Last Updated: Tuesday - 01/04/2011
March 12, 2001
The story of one who was elected
DAISY WITHERELL DERY
SPECIAL TO THE WCR
The Rite of Election. Sounds like something to do with the provincial election. For those of us who participated in the celebration this past weekend, it is something far more meaningful.
When I first heard that I would participate in this rite, my initial reaction was that it was just some formality to let people know who had passed through the interest phase and had chosen to become members of the Catholic Church.
While I thought that worthy enough, I started pondering its meaning a little more. I thought about the meaning of "election" and those who are called "the elect." Some churches believe that God only calls a few people to him and that those people are the elect. But I knew that God calls all of us to him, so why the special rite?
As I thought about it more, it dawned on me that while God does indeed call all of us, so far there are only some who have listened and answered the call.
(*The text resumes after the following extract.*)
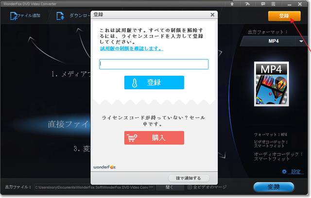 ソフトを起動したら、右上「登録」をクリック→ライセンスコードを貼り付け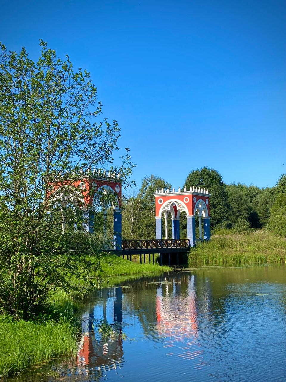 Возрожденный английский парк, где есть воздушные белые беседки, пруд с венецианским мостиком. Тут настоящее имение: хозяйственные постройки и ферма, производящая продукты, которые можно попробовать в трактире. Рядом конюшня, сыроварня, аптекарский огород, мастерские.

The Rite of Election was to celebrate those who, after having been chosen by God, have answered the call by choosing to become members of the Church.
With these thoughts in mind, I attended the celebration at St. Joseph's Basilica March 4. Various RCIA groups from the Edmonton Archdiocese, along with friends and family, were gathered there, all to celebrate the catechumens (non-baptized) and the candidates (baptized) who are in the final stage of preparation for entrance into the Catholic Church.
I, a catechumen, sat among the crowd and marvelled at the turnout - so many people wishing to become Catholic and even more people supporting them.
Until this point, the journey for a catechumen or candidate was largely within the parish. At the St-Thomas d'Aquin RCIA, we are a small group, the only French-speaking RCIA of the city, with one catechumen and two candidates.
Being part of this large ceremony made me realize much more how I am not just becoming a member of a parish, but a member of the entire Church.
It was with a sense of gratitude and solidarity that I watched the catechumens stand, followed by the candidates. While I may never see those faces again, to know that we are all in this together was profoundly powerful.
So now I am one of the elect. In the eyes of our society, this may not be as big of a deal as being elected into government, but I would rather be chosen by God over people any day.